Na visão do pesquisador Plinio Itamar de Souza, responsável pela equipe de 20 funcionários que esteve à frente da pesquisa sobre variedades de soja transgênica na Embrapa, poderão ser usados agrotóxicos herbicidas menos agressivos ao meio ambiente. Segundo ele, no projeto das três sojas para o cerrado foram gastos sete anos de pesquisa.

Câmara aprova PL da Biossegurança

O Projeto de Lei (PL) que trata do plantio e comercialização de transgênicos e da pesquisa genética com células embrionárias foi aprovado, na noite de ontem (2/3), pelos deputados federais. Decisão foi obtida com a pressão exercida pelo lobby da bancada ruralista e das grandes empresas de biotecnologia.

Sob forte pressão de ministros (Agricultura, Ciência e Tecnologia, Indústria e Comércio), que reivindicaram plenos poderes à Comissão Técnica Nacional de Biossegurança (CTNBio) para controlar pesquisas com Organismos Geneticamente Modificados (OGMs)e o plantio e comercialização de transgênicos, a Câmara dos Deputados aprovou, na noite de ontem (2/3), por 352 votos a favor, 60 contra e uma abstenção, o PL da Biossegurança. A proposta também libera as pesquisas com células-tronco embrionárias – esperança de cura para quem tem lesões na medula, por exemplo – e, por isso, também recebeu forte apoio de pesquisadores e portadores de deficiências físicas. As duas questões são as mais polêmicas do projeto e foram incluídas em destaques votados em separado. O texto aprovado agora irá à sanção do Presidente da República.

A proposta aprovada atribui a CTNBio a exclusividade para autorizar e controlar o uso e pesquisas de OGMs. Os ministérios do Meio Ambiente (MMA) e da Saúde (MS), bem como as organizações ambientalistas, defendiam no processo de autorização a participação do Instituto Brasileiro do Meio Ambiente e Recursos Naturais Renováveis (Ibama) e da Agência Nacional de Vigilância Sanitária (Anvisa), órgãos subordinados às duas pastas.
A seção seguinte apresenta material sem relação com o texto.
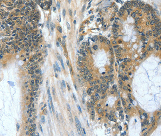 Immunohistochemistry of paraffin-embedded Human colon cancer tissue using BAD Polyclonal Antibody at dilution 1:60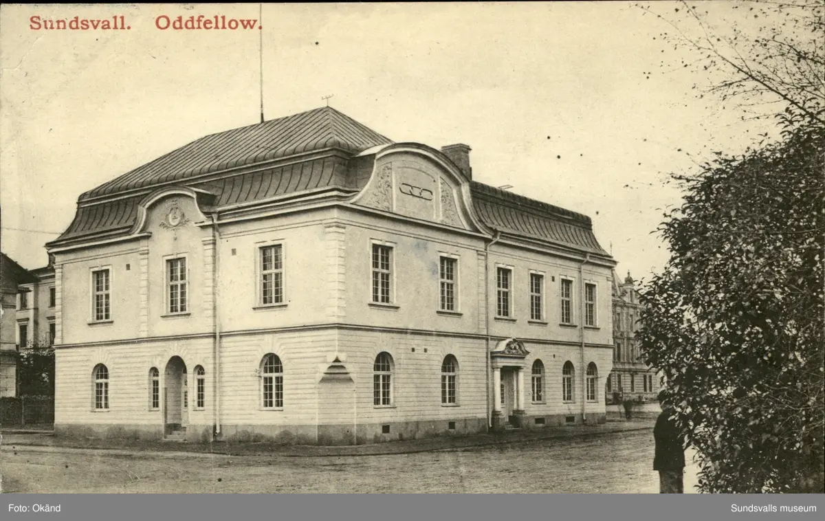 Vykort med motiv över Oddfellow-huset i Sundsvall.
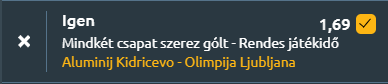 - A szlovén élvonal mai játéknapján Az Aluminj fogadja az Olimpija csapatát, ahol a tabella középmezőnyének és élbolyának találkozása ígér kiegyenlített, mégis gólokban bővelkedő mérkőzést. Lássuk a számokat! Az Aluminij a hetedik helyről várja az összecsapást, legutóbb 2–1-re kapott ki a Radomljétől, és a szezonban eddig hét győzelem, nyolc vereség és négy döntetlen mellett 1,47 gólt szerzett és 1,79-et kapott meccsenként. Az utolsó öt találkozón két győzelem, két vereség és egy döntetlen jött össze, ezeken 2,4 gólos támadójáték és 1,8-as kapott gólátlag jellemezte. Az Olimpija a negyedik pozícióból érkezik, legutóbb 1–0-ra verte a Murát, a bajnokságban nyolc győzelmet, hét vereséget és négy döntetlent jegyez, 1,26 rúgott és 1,21 kapott gólos mutatóval. A közelmúlt formája stabilabb, az elmúlt öt meccsen három győzelem, egy vereség és egy döntetlen mellett 1,2 gólt szerzett és mindössze 0,8-at engedett. A legutóbbi találkozó 1–1-es döntetlent hozott. Az Aluminij és az Olimpija is rendszeresen betalál a bajnokságban, miközben mindkét oldalon stabilan jelen vannak a kapott gólok is.

O projeto determina ainda que os rótulos dos produtos tragam, obrigatoriamente, informações sobre a existência de transgênicos em sua composição. Os deputados também mantiveram a proibição ao uso e comercialização de tecnologias genéticas de restrição de uso, ou seja, capazes de produzir plantas estéreis, que não geram sementes. Havia um grande lobby das empresas de biotecnologia para acabar com essa proibição e manter o monopólio sobre a venda de sementes.

A aprovação do conteúdo relativo aos transgênicos foi uma grande vitória da bancada ruralista da Câmara obtida a partir de uma esperteza política. Apesar de estarem ligados às ciências genéticas, os dois temas incluídos no projeto aprovado ontem – pesquisas com células-tronco e OGMs – são completamente distintos. A intenção em reuni-los em uma única proposta legislativa foi justamente o de atrair para ela o apoio de pesquisadores, médicos, familiares e pacientes com necessidades especiais e vítimas de doenças degenerativas. Por incrível que pareça, as justas reivindicações desse segmento acabaram legitimando e conferindo forte peso emocional a um projeto que atende também as grandes transnacionais da biotecnologia.